» **TASK DETAILS**
Reproduce only what runs from the line containing "Saint Laurent Black" to the line containing "Spotkanie było okazją" in the records below, inclusive. Keep it exact, and keep the pictures out.

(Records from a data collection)
○ ○ ○
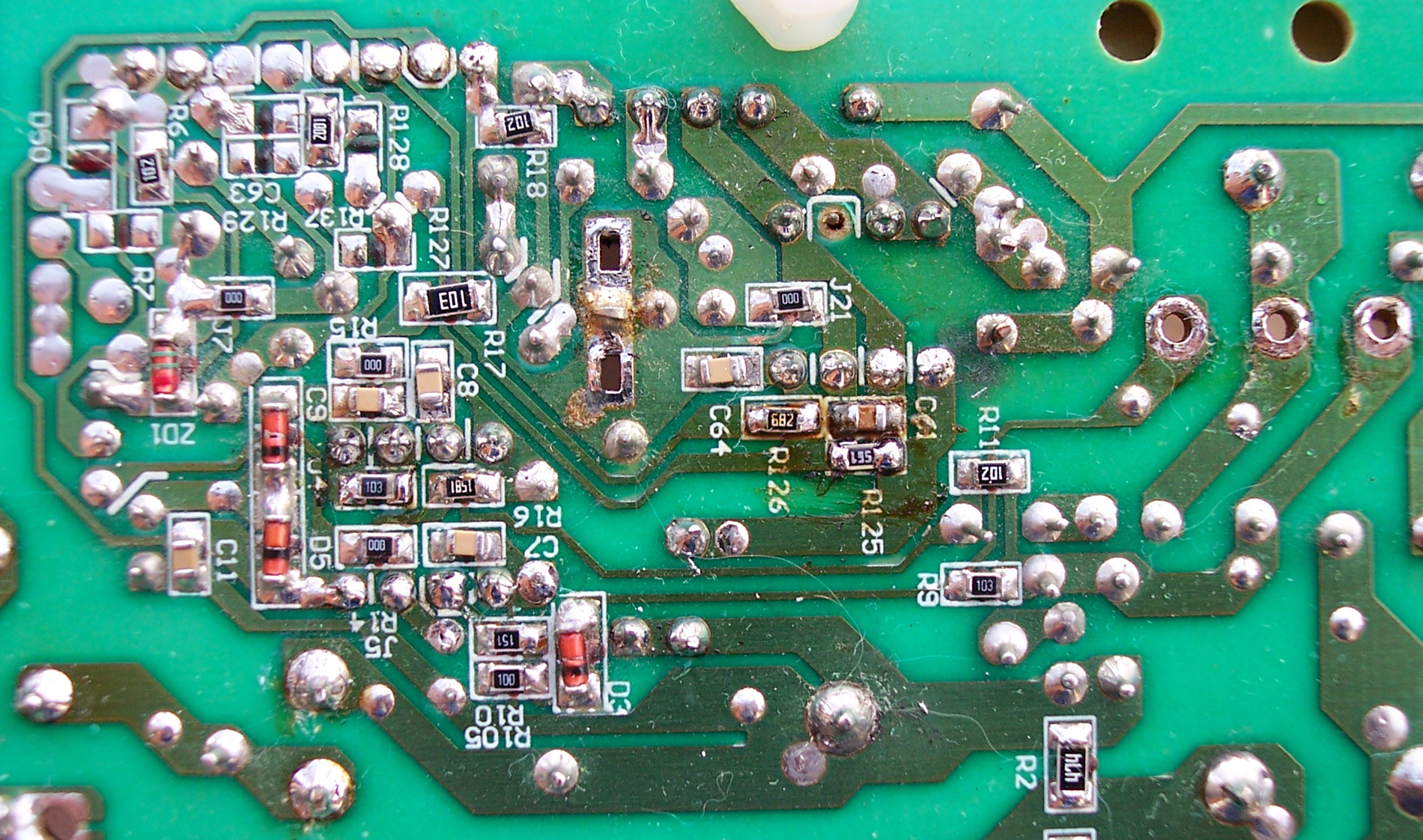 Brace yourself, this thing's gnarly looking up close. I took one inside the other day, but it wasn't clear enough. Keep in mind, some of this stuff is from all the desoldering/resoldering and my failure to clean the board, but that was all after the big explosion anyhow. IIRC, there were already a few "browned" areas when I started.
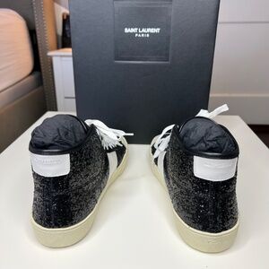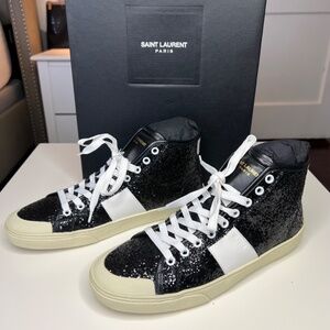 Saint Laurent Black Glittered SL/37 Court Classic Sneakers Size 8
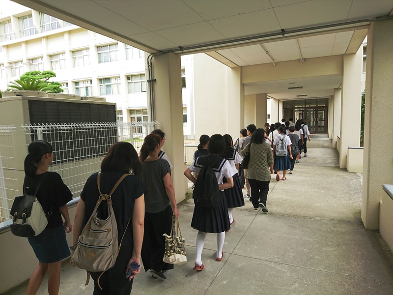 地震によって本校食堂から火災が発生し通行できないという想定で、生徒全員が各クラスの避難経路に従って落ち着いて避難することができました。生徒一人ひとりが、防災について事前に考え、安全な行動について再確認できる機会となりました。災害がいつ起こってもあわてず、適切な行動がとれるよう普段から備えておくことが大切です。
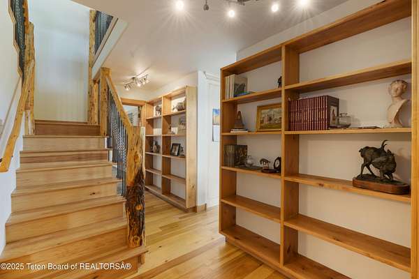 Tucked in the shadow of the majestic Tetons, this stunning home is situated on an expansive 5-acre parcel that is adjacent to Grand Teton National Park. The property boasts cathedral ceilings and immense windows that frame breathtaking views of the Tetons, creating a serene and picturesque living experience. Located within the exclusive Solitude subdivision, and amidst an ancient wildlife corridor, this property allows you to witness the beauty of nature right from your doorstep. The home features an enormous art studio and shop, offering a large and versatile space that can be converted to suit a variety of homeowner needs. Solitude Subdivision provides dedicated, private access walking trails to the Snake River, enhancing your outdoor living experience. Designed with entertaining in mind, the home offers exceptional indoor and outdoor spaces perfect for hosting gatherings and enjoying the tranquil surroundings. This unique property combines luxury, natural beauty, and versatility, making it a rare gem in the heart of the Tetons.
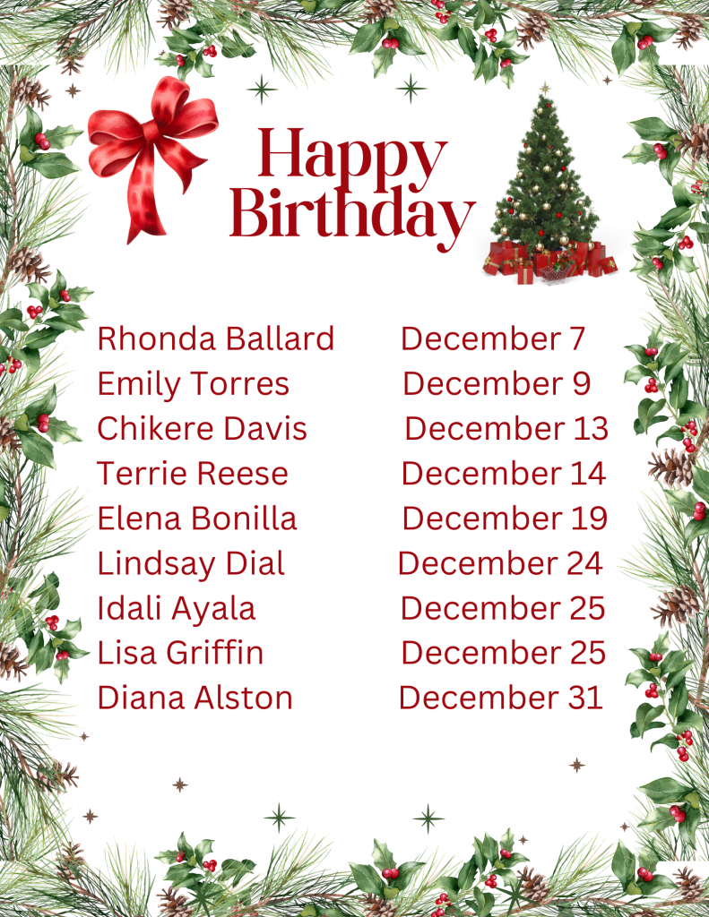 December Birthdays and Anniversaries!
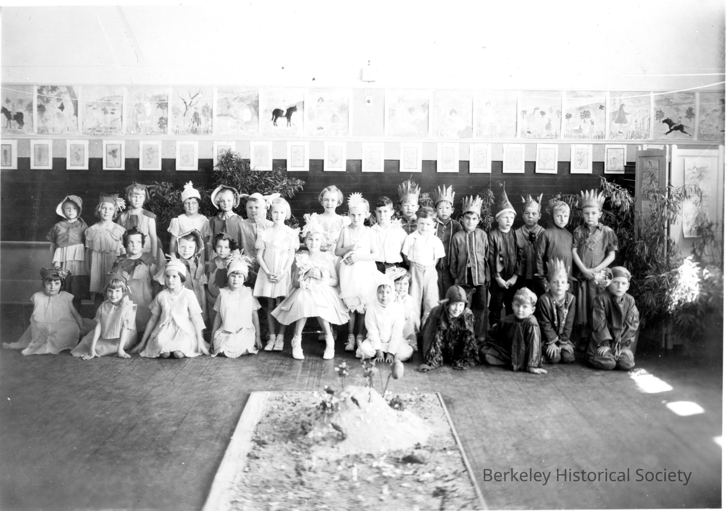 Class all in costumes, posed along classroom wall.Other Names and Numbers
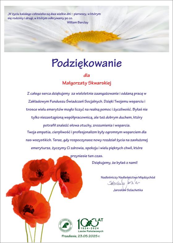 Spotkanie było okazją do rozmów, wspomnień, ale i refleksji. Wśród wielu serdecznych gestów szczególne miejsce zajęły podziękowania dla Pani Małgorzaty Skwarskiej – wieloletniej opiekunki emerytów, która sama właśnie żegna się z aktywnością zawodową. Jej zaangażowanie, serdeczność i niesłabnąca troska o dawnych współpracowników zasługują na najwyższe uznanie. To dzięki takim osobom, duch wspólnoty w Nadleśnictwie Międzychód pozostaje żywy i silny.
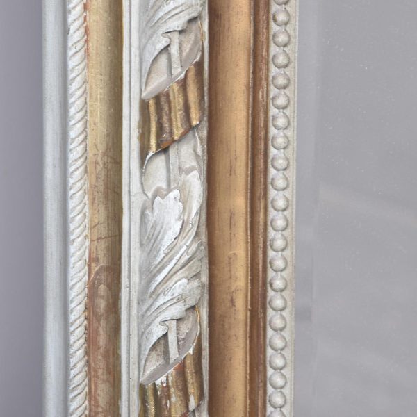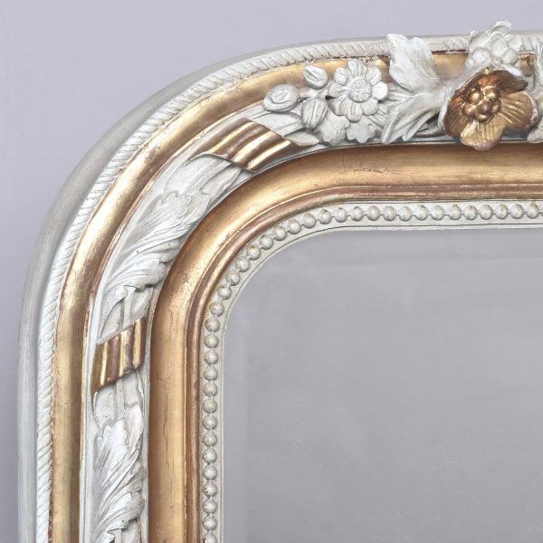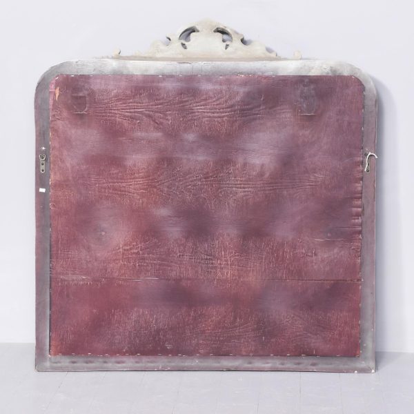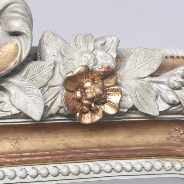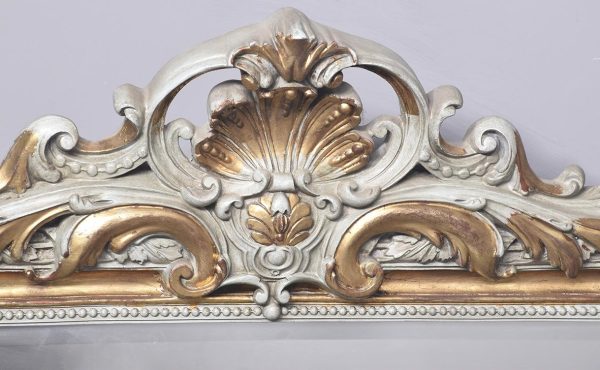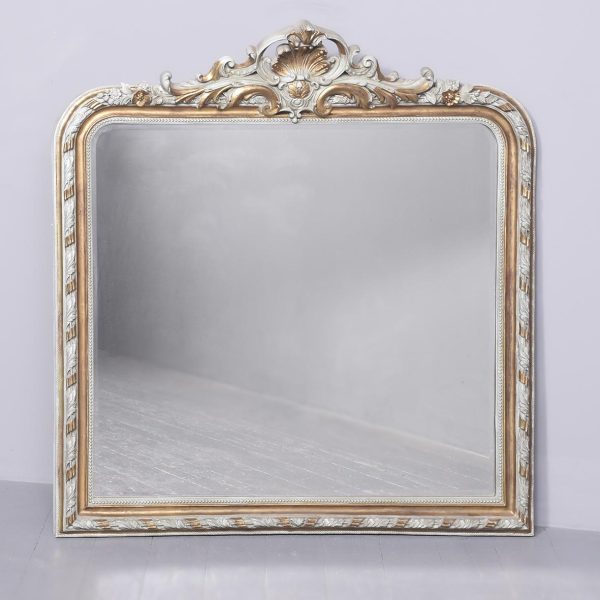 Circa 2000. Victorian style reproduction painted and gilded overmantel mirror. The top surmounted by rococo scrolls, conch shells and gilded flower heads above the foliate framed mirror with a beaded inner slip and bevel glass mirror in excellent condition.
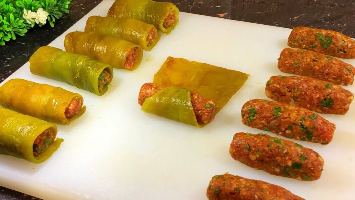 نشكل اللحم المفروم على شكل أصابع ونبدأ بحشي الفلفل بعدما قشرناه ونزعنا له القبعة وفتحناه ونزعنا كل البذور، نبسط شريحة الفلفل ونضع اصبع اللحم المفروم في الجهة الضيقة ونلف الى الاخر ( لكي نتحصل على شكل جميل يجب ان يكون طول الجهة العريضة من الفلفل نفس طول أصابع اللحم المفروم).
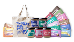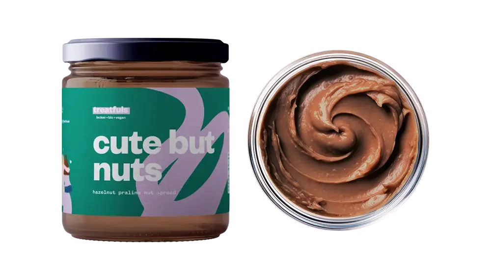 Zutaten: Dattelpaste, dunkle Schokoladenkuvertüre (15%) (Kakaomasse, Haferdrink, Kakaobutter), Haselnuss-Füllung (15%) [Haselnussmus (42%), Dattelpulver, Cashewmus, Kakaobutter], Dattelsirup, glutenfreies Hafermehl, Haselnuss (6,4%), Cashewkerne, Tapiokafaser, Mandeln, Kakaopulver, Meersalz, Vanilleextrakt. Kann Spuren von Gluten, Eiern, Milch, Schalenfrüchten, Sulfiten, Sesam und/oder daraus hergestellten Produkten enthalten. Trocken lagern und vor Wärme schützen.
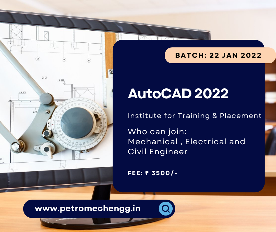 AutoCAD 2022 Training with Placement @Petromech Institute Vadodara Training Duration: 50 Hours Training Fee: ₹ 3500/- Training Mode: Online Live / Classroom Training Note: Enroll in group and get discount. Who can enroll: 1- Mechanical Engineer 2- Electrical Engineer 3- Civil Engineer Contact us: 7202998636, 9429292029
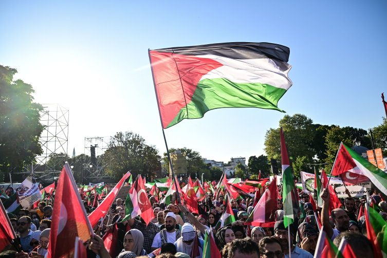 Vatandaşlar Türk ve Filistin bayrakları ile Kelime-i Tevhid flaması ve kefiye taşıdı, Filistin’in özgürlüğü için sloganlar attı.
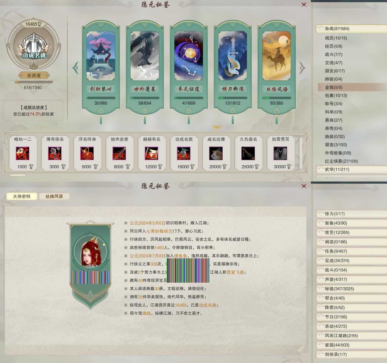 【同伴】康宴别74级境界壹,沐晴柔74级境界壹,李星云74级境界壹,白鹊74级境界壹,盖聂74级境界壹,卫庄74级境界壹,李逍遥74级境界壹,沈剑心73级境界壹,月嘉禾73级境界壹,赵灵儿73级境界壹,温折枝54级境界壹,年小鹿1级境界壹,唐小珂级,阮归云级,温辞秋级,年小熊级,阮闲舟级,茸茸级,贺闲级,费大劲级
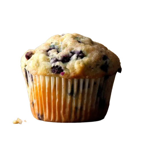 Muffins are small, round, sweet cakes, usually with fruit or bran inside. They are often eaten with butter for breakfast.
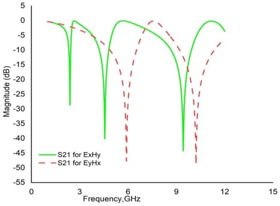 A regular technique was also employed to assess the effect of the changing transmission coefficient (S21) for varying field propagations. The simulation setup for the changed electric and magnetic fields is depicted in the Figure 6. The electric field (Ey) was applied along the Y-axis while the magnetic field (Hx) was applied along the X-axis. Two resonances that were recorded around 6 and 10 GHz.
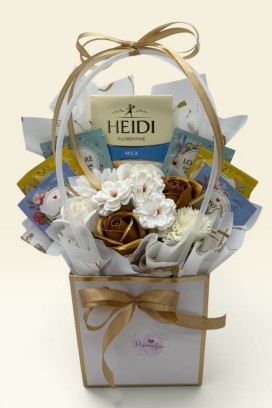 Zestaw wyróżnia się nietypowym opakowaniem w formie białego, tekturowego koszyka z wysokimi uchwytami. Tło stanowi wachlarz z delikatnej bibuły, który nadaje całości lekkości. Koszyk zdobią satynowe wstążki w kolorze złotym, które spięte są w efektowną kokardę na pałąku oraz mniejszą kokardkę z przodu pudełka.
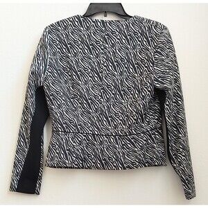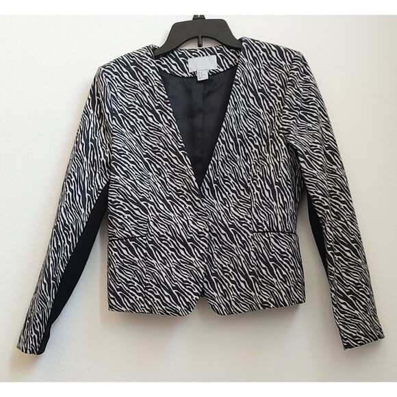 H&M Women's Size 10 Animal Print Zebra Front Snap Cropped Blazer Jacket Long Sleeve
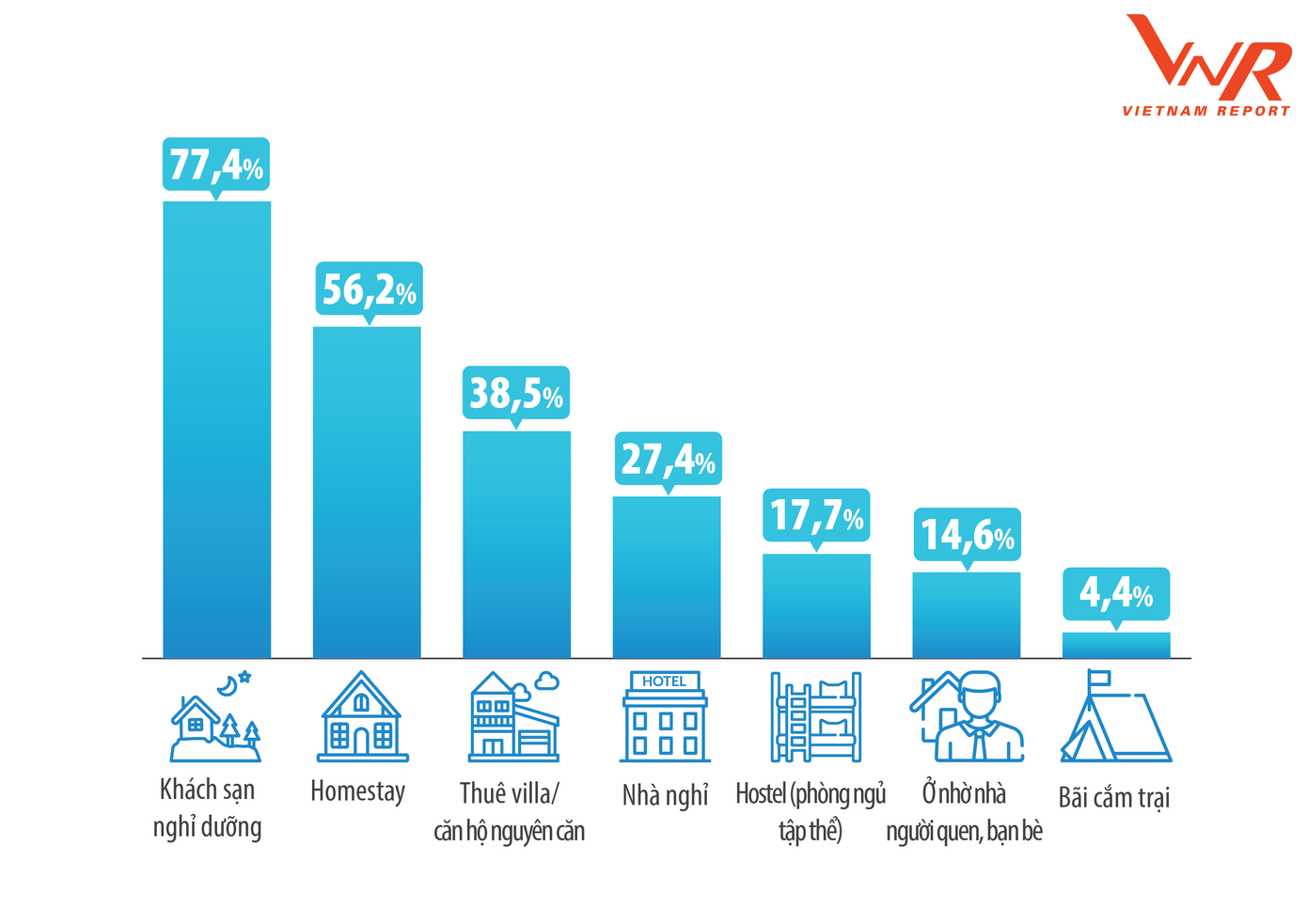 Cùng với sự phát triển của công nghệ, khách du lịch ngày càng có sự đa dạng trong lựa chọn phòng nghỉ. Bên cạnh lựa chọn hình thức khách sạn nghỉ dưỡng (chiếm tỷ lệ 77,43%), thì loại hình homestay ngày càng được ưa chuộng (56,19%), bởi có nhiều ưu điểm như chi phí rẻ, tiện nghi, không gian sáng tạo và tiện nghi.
○ ○ ○
» **TASK ANSWER**
 Saint Laurent Black Glittered SL/37 Court Classic Sneakers Size 8
 地震によって本校食堂から火災が発生し通行できないという想定で、生徒全員が各クラスの避難経路に従って落ち着いて避難することができました。生徒一人ひとりが、防災について事前に考え、安全な行動について再確認できる機会となりました。災害がいつ起こってもあわてず、適切な行動がとれるよう普段から備えておくことが大切です。
 Tucked in the shadow of the majestic Tetons, this stunning home is situated on an expansive 5-acre parcel that is adjacent to Grand Teton National Park. The property boasts cathedral ceilings and immense windows that frame breathtaking views of the Tetons, creating a serene and picturesque living experience. Located within the exclusive Solitude subdivision, and amidst an ancient wildlife corridor, this property allows you to witness the beauty of nature right from your doorstep. The home features an enormous art studio and shop, offering a large and versatile space that can be converted to suit a variety of homeowner needs. Solitude Subdivision provides dedicated, private access walking trails to the Snake River, enhancing your outdoor living experience. Designed with entertaining in mind, the home offers exceptional indoor and outdoor spaces perfect for hosting gatherings and enjoying the tranquil surroundings. This unique property combines luxury, natural beauty, and versatility, making it a rare gem in the heart of the Tetons.
 December Birthdays and Anniversaries!
 Class all in costumes, posed along classroom wall.Other Names and Numbers
 Spotkanie było okazją do rozmów, wspomnień, ale i refleksji. Wśród wielu serdecznych gestów szczególne miejsce zajęły podziękowania dla Pani Małgorzaty Skwarskiej – wieloletniej opiekunki emerytów, która sama właśnie żegna się z aktywnością zawodową. Jej zaangażowanie, serdeczność i niesłabnąca troska o dawnych współpracowników zasługują na najwyższe uznanie. To dzięki takim osobom, duch wspólnoty w Nadleśnictwie Międzychód pozostaje żywy i silny.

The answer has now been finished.